THE Government's Work and Pensions Secretary Iain Duncan Smith has praised the CatZero project which is helping local young people into work.
As reported, CatZero is a unique training scheme that includes sailing on a 72ft ocean racing yacht and recently saw 14 people aged between 16 and 24 successfully graduate with all members getting jobs or going on to further education.
The programme was a controversial project when it was started up four years ago after NHS Hull spent £500,000 on a yacht to teach skills out at sea.
The national press and Prime Minister David Cameron, who at the time was leader of the opposition party, both criticised the move, but after overwhelming success the project was brought to both Immingham and Grimsby in the last year.
Mr Duncan Smith spoke to the team behind CatZero.
He said: "I love coming to projects like this, people have great ideas and we need to replicate them.
"If they are getting people ready for work, however it's being done, even by buying a yacht, then let a thousand flowers bloom.
"Sometimes the national press says something is a bad idea and everybody agrees, but I would invite David Cameron to come up here."
He also said he would like to see how CatZero could fit into the Government's Work Programme.
"It is difficult, but there are jobs out there," he said. "Sometimes the problem lies with young people who aren't capable of taking on those jobs, so programmes like this are incredibly important.
"Some kids have crashed out of the system, they're simply not at the stage where they are able to go to a job interview or even work at a computer.
"These are not big skills, they are life skills, and if someone is lacking in confidence to read or cannot write, nobody will take them on. These things need to be resolved early on."

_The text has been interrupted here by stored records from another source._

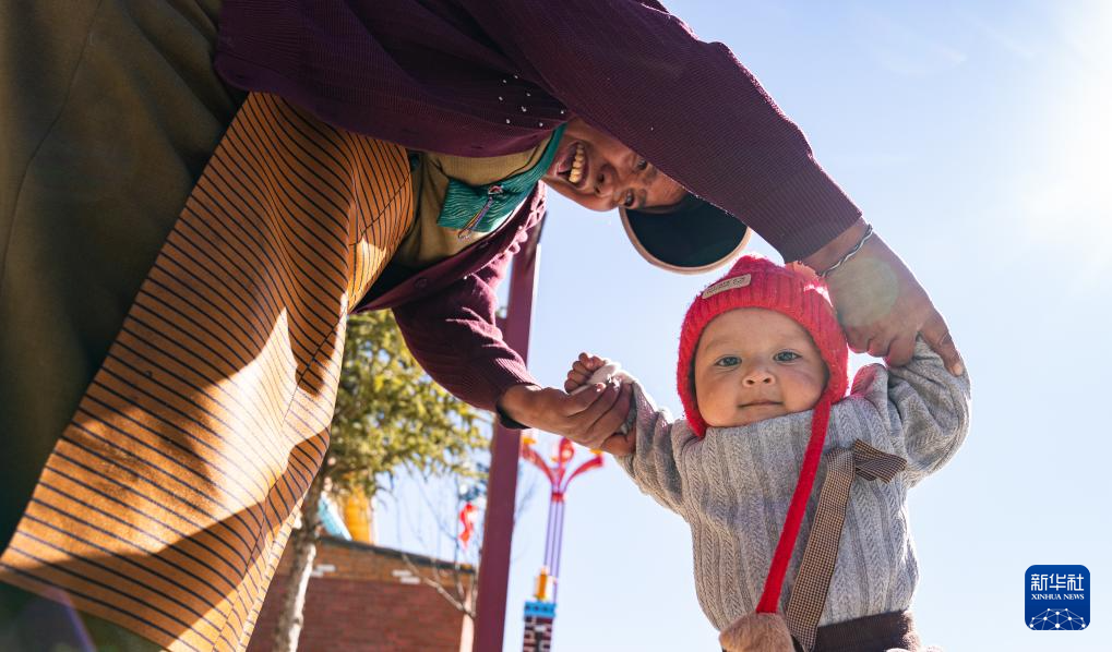 12月15日,达曼新村的一名妇女在教孩子走路。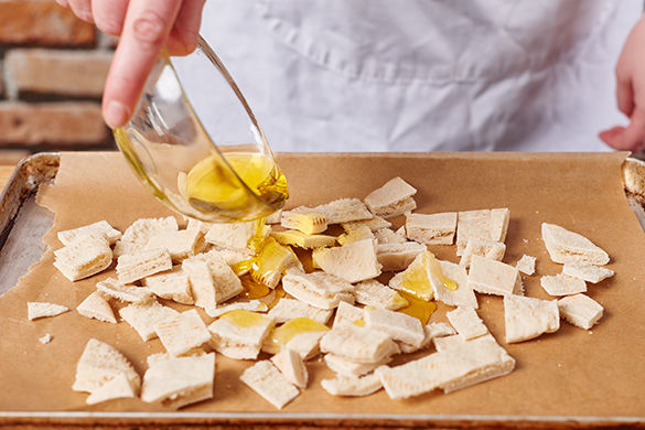 Brotstücke auf ein mit Backpapier ausgelegtes Backblech geben, mit Salz, Pfeffer und 2EL Öl besprenkeln, gut vermengen und auf dem Blech verteilen. Im Ofen ca. 5Min. goldbraun und knusprig backen.
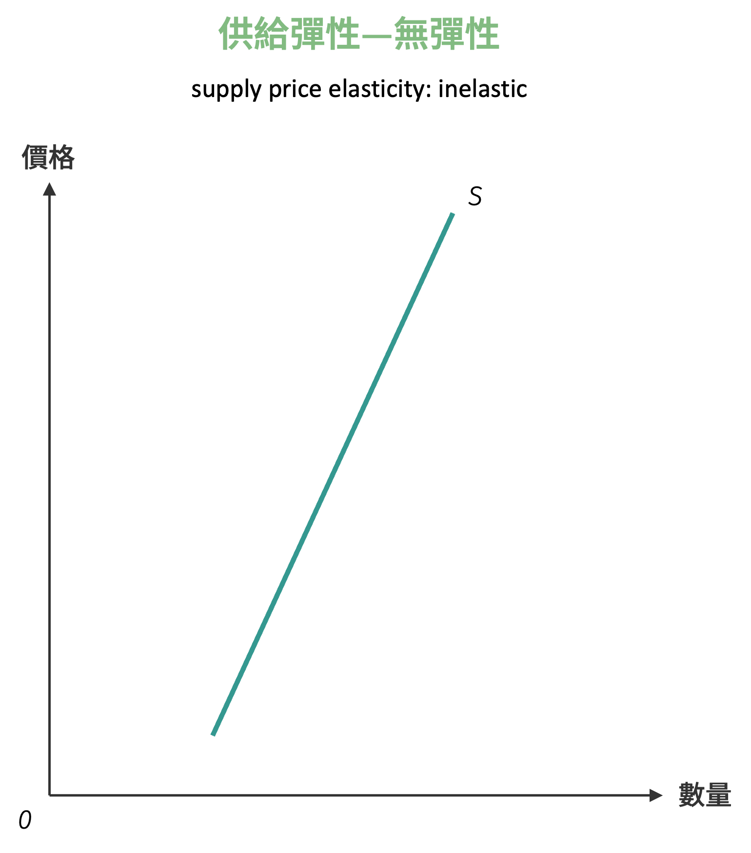 無彈性其供給量變動百分比小於價格變動百分比。供給曲線陡峭向上傾斜,如下圖所示: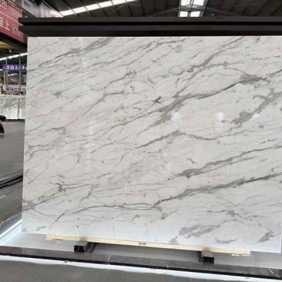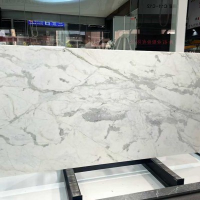 這塊白色大理石的紋路以灰色為主,線條自然流暢、靈動(dòng)飄逸,深淺交織且分布隨性,似天然暈染而成;紋理走向無刻意規(guī)整的規(guī)律,細(xì)窄與寬幅的線條相互交織卻不顯雜亂,整體呈現(xiàn)出優(yōu)雅且富有藝術(shù)感的天然肌理,給人清新又高級(jí)的視覺體驗(yàn)。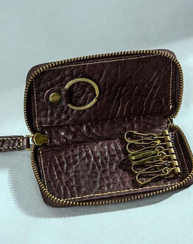 Style: Leather Men Small Key Wallet Bifold Small Keyring Wallet for Men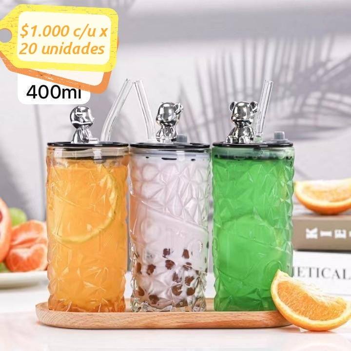 VASO VIDRIO + BOMBILLA OSITO 400ML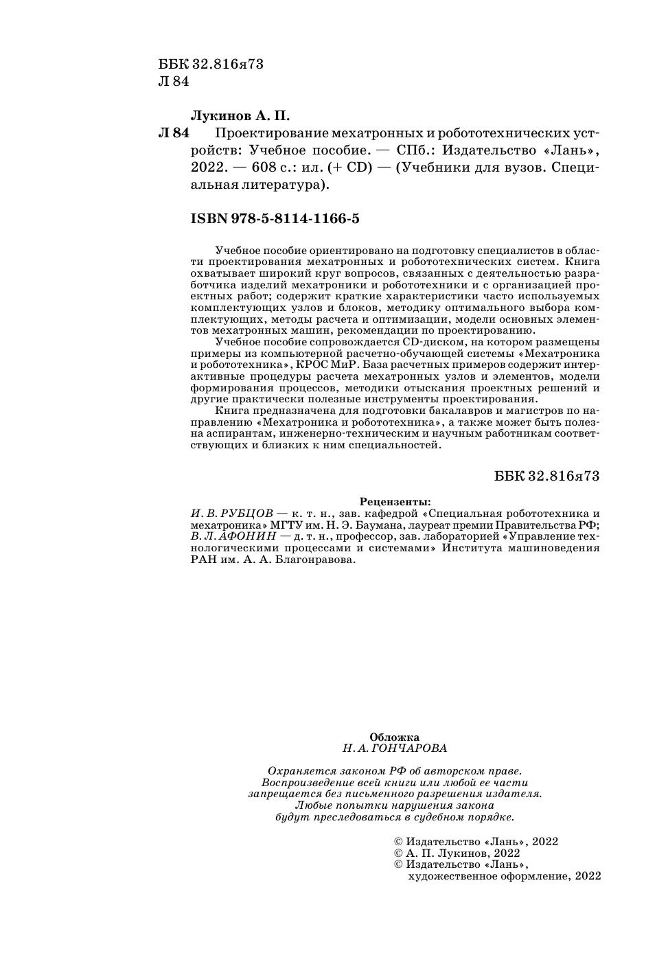 Учебное пособие ориентировано на подготовку специалистов в области проектирования мехатронных и робототехнических систем. Книга охватывает широкий круг вопросов, связанных с деятельностью разработчика изделий мехатроники и робототехники и с организацией проектных работ, содержит краткие характеристики часто используемых комплектующих узлов и блоков, методику оптимального выбора комплектующих, методы расчета и оптимизации, модели основных элементов мехатронных машин, рекомендации по проектированию. Учебное пособие сопровождается CD-диском, на котором размещены примеры из компьютерной расчетно-обучающей системы «Мехатроника и робототехника», КРОС МиР. База расчетных примеров содержит интерактивные процедуры расчета мехатронных узлов и элементов, модели формирования процессов, методики отыскания проектных решений и другие практически полезные инструменты проектирования. Книга предназначена для подготовки бакалавров и магистров по направлению «Мехатроника и робототехника», а также может быть полезна аспирантам, инженерно-техническим и научным работникам соответствующих и близких к ним специальностей.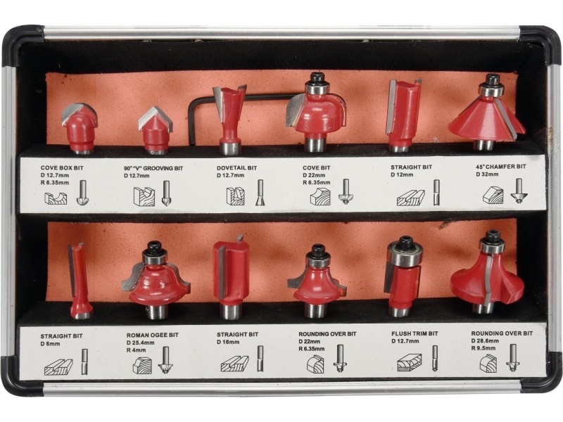 Un set de 12 cozi pentru prelucrarea lemnului. Frezele montate pe coadă au plăcuțe din carbură de tungsten YG6X cu diametrul de 8 mm. Setul include șase freze montate pe rulmenți pentru ghidarea ușoară a sculei. Frezele din argint brazat au o toleranță de 0,08 mm.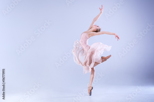 Obraz premium Ballet Perfection. Young and beautiful ballerina is dancing in a white studio...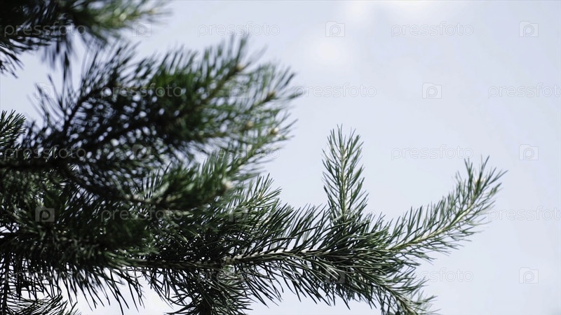 Зеленые колючие ветви мехового дерева или сосны. Прекрасные ветки пихты. Закройте его. Яркие вечнозелёные свежие иглы зеленого сосна. Новые иглы спермы, хвойные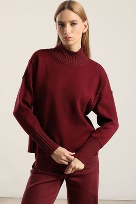 Jersey punto jacquard flores, burdeo Liola

During his visit, Mr Duncan Smith, the former leader of the Conservative Party, met those who have found work or gone onto further education after completing the course.
Plastering student Phil Robbins, 17, of Guildford Street, Grimsby, said: "I spoke to Mr Duncan Smith about how far I had come in my life since I moved from Hull to Grimsby and went on the course.
"I wasn't nervous or worried about speaking to him because I got my confidence back due to being on CatZero.
"I was representing all the people from Grimsby who were on the course.
"CatZero has made a huge difference to me.
"I am now studying plastering at the Grimsby Institute and I really like it.
"Meeting Mr Duncan Smith was a new experience and it was good to talk to someone as important as him."